America is back. But is it really?

At the beginning of his presidency, Joe Biden vowed to “repair our alliances and engage with the world once again, not to meet yesterday’s challenges, but today’s and tomorrow’s.” Six months into his term, is America really back, as the president is fond of saying?

That is hardly the impression one gets in Afghanistan, where the American pullout has provided a new momentum to the Taliban’s insurgency, punctured only with occasional, half-hearted U.S. airstrikes. If the Taliban’s ascent to power is indeed just a matter of time, Biden’s presidency thus risks overseeing the most dramatic rollback of women’s rights in the world in a generation as well as the re-emergence of Afghanistan as a safe haven for terrorist groups and as a place for regional power competition.

Afghanistan might be a distant place, but the lesson of both 9/11 and of Europe’s 2015 refugee crisis is that the West cannot insulate itself from consequences of instability and conflict elsewhere in the world. True, America cannot be everywhere. Yet, by default, America was in Afghanistan. As of late, U.S. presence, which provided a significant degree of stability, came at a reasonably low cost to American blood and treasure. The burden of proof should have been on the advocates of withdrawal to demonstrate in what ways the status quo was supposedly unsustainable and how giving up on Afghanistan was consistent with the broader agenda of America’s international re-engagement.

That, of course, is an argument that the administration never made. Eastern Europeans, too, have little reason to believe that America is back, particularly after the administration broke with a long-standing bipartisan consensus opposing the Nord Stream 2 pipeline. Greenlighting the deal is as much a favor to Vladimir Putin as it is to Angela Merkel. And with just weeks left in office, it is not obvious how exactly the German chancellor can be expected to reciprocate. The deal, meanwhile, is a blow to Ukraine—far outweighing value of the German donation of $175 million toward the country’s green energy sector or the value of an Oval Office meeting for President Volodymyr Zelensky. At best, it comes as a sharp disappointment to the most consistently pro-American countries in Europe—the Baltic states and Poland.

Both the Afghanistan withdrawal and the agreement on Nord Stream 2 made over the heads of those most affected by it will have consequences. The former signals that the United States is a fair-weather friend, whose commitments are durable only insofar as they carry tolerable political costs. The latter, meanwhile, makes the United States and Germany directly complicit in Putin’s future shenanigans in the region. The deal also erodes trust that Eastern Europeans have in both the United States and in Germany (and by extension in the EU). It may not be altogether surprising that Poland has already started flirting with deeper relations with China.

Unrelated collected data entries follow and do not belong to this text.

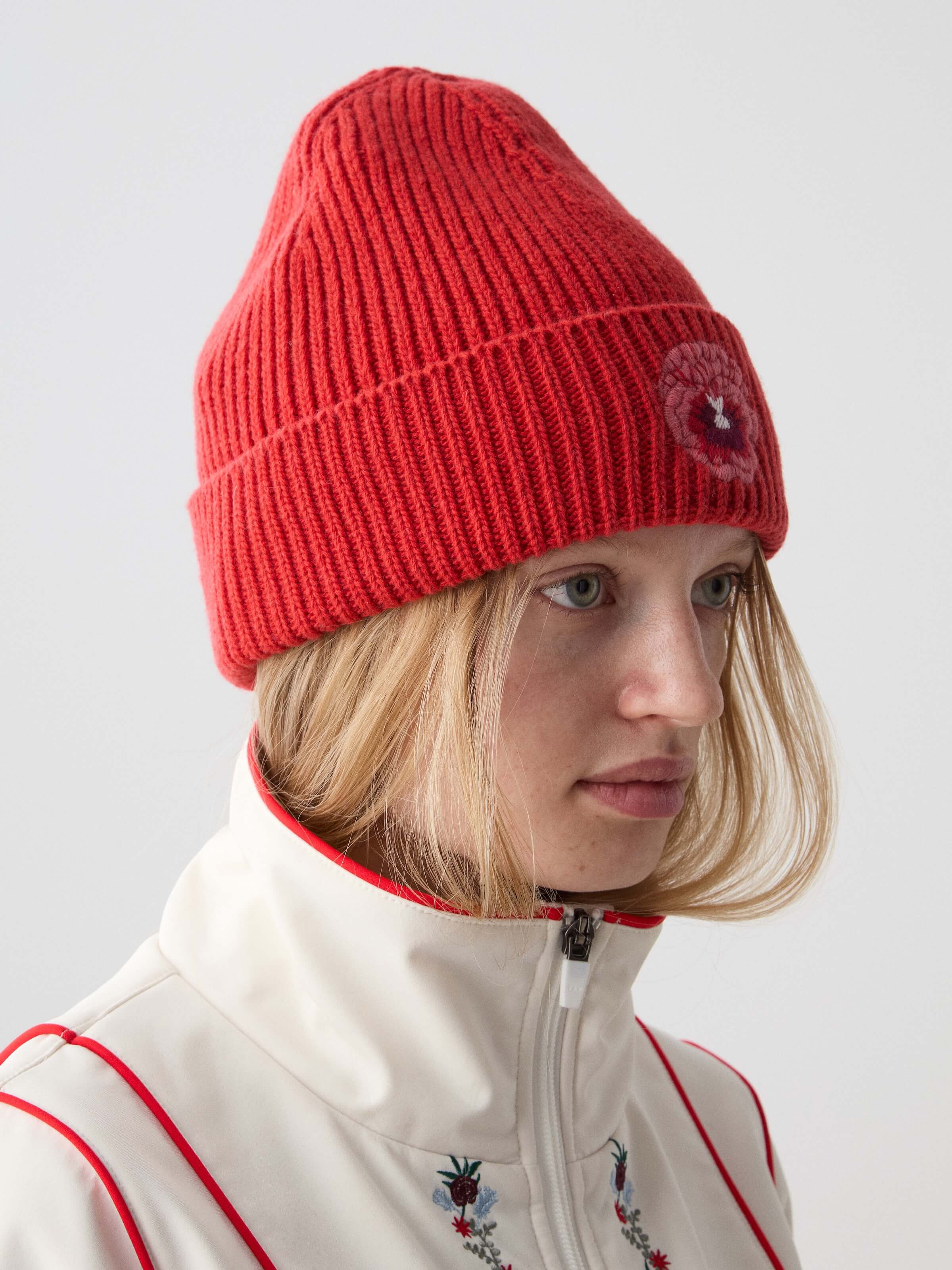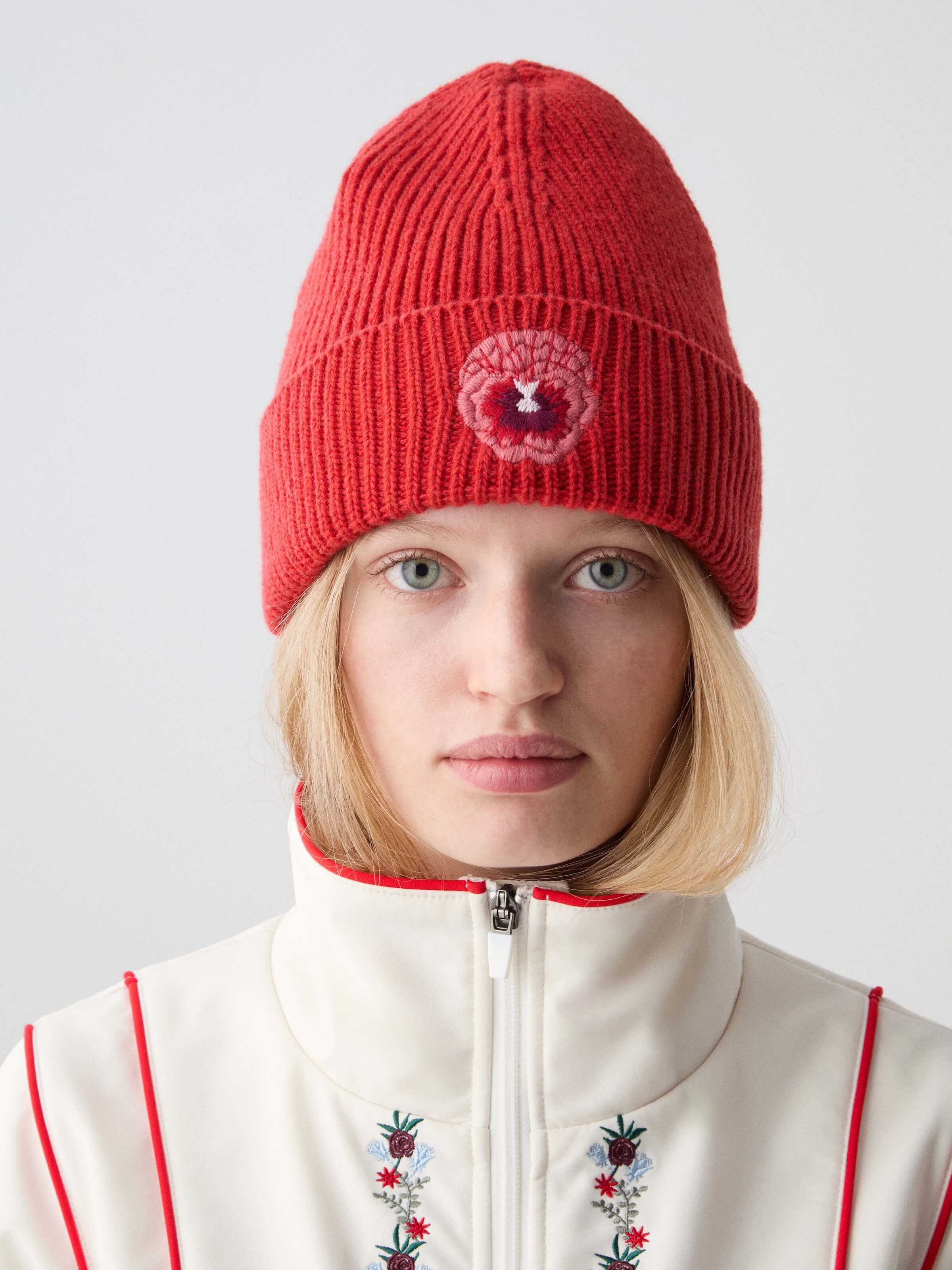This hat is knitted from 100% wool featuring the floral intarsia, creating a perfect match in texture and design. Crafted in a half cardigan stitch, it’s finished with the signature embroidered flower at the front for a distinctive touch. Each piece is individually numbered, making it a unique item in this limited edition collection.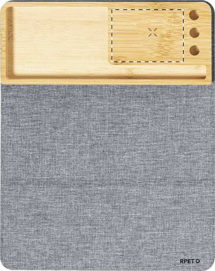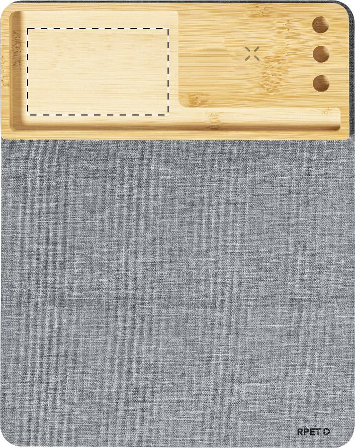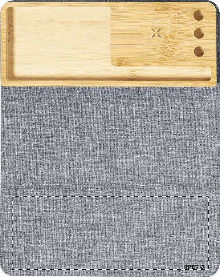 Összecsukható RPET poliészter egérpad szilikon alappal. Beépített vezeték nélküli gyorstöltővel (15W) és bambusz mobiltelefon-tartóval. 300D RPET poliészter. USB töltőkábellel szálíltjuk.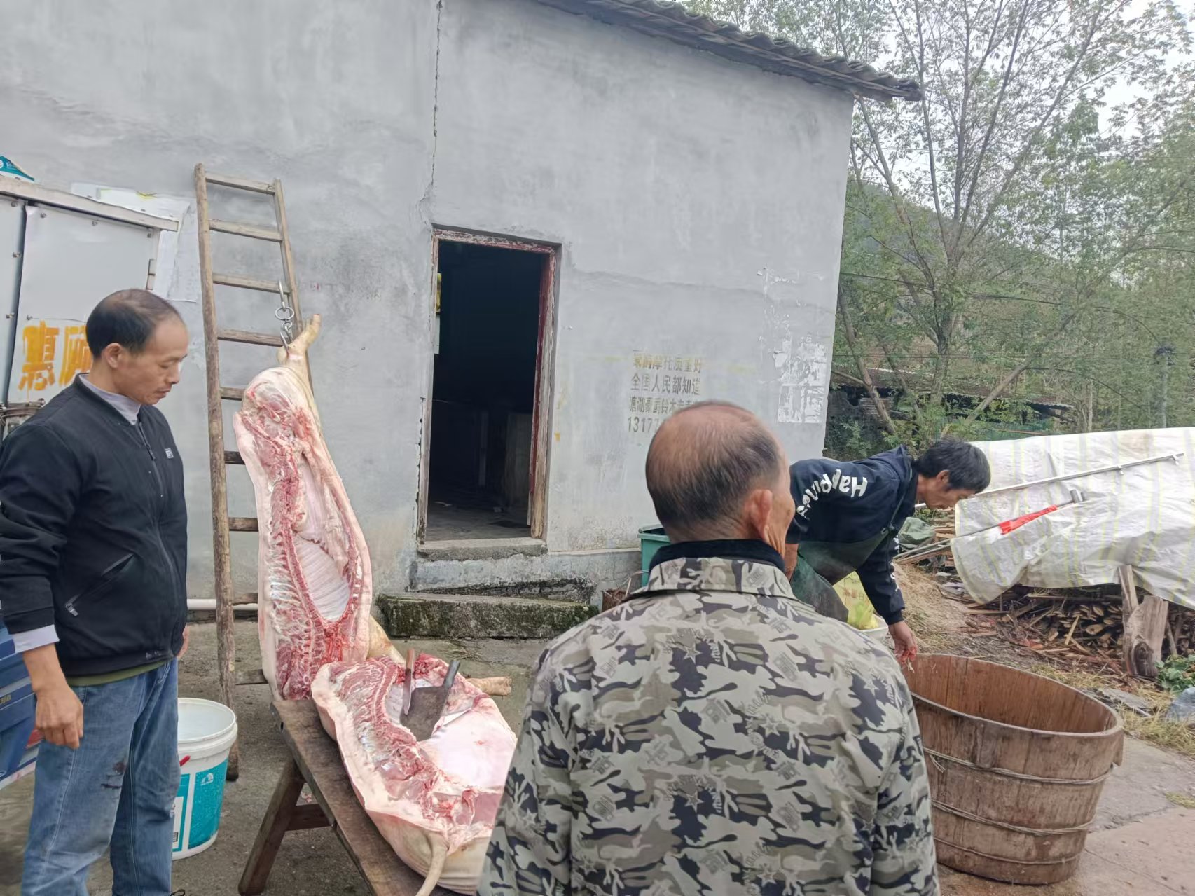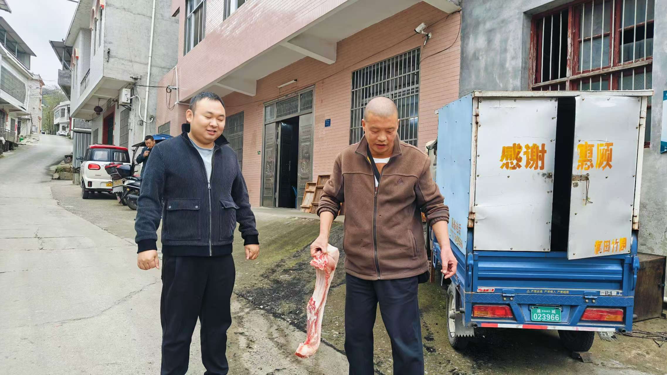 在这个过程中,县司法局驻润田村工作队队员罗斌伟的举动格外令人感动。他在得知消息后,骑着摩托车挨家挨户询问村民有没有购买猪肉的需求。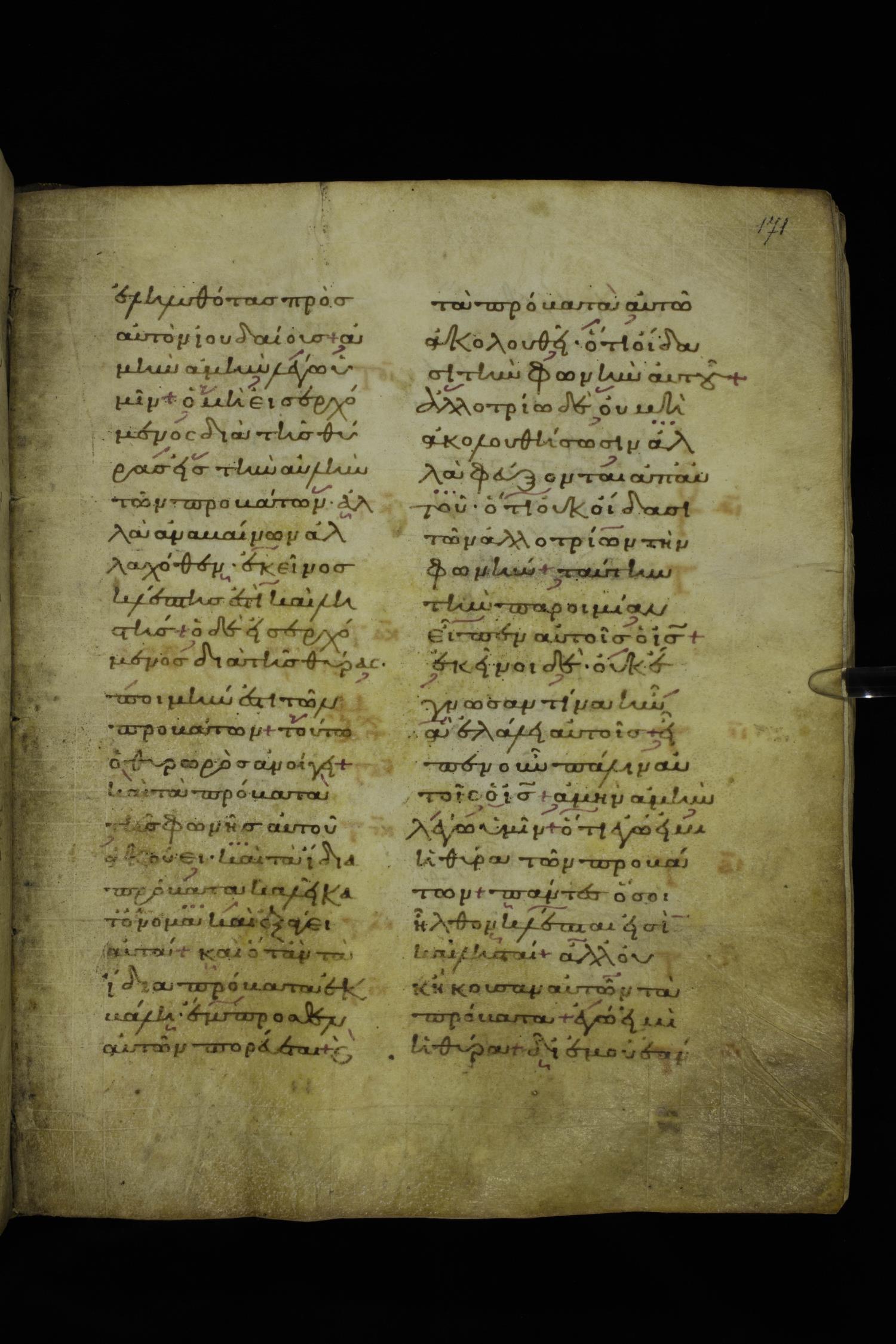Twelfth century lectionary of the Gospels on parchment; 220 leaves, 2 columns, 24 lines per column. Images were taken at the National Library of Greece in Athens.

What is left of America’s comeback? Biden’s rhetoric on Cuba was laudable, but the administration has barely lifted a finger for ordinary Cubans. Then there is a hitherto fruitless pleading with Iran to return to a “stronger” version of the Joint Comprehensive Plan of Action (JCPOA). The sophisticated class is surely heartened by America’s rejoining of the Paris accord, though the practical consequences for decarbonization are unclear. Recall that U.S. emissions declined during much of Donald Trump‘s presidency for reasons unrelated to climate summitry. Meanwhile, many of the protectionist policies of the Trump era linger in place, hurting our allies and U.S. consumers alike, while the World Trade Organization remains paralyzed.

Finally, the administration’s posture on the challenge of the day, China, remain vague. The stagnating defense budget does not provide much reassurance to America’s Asian allies. Neither has there been much headway in the efforts to form an effective multilateral coalition of (predominantly) democracies against China. The heightened European alertness to the Chinese threat is a consequence of Beijing’s own ham-fistedness, including sanctioning European parliamentarians and researchers, rather than of anything the new administration has or has not done. Meanwhile, the self-serving European illusion that the economic relationship with China could be separated from the more contentious political issues lives, as exemplified by the recent video summit featuring China’s Xi Jinping, France’s Emmanuel Macron and Merkel. Given China’s role in electromobility, the EU’s monomania with climate change might easily foster a further deepening of ties between the two economies.

There is no question that the Trump years did real damage to America’s standing in the world. Americans of all political stripes should wish for the Biden presidency to succeed in repairing and updating the country’s global alliances. There is still a chance for the president to do more than just to manage, in a polite and civilized way, the steady decline of U.S. influence around the world. Extrapolating from these past six months, however, gives one little reason for optimism.


Dalibor Rohac is a senior fellow at the American Enterprise Institute (AEI), where he studies European political and economic trends, specifically Central and Eastern Europe, the European Union (EU) and the eurozone, US-EU relations, and the post-Communist transitions and backsliding of countries in the former Soviet bloc. He is concurrently a research associate at the Wilfried Martens Centre for European Studies in Brussels and a fellow at Anglo-American University in Prague.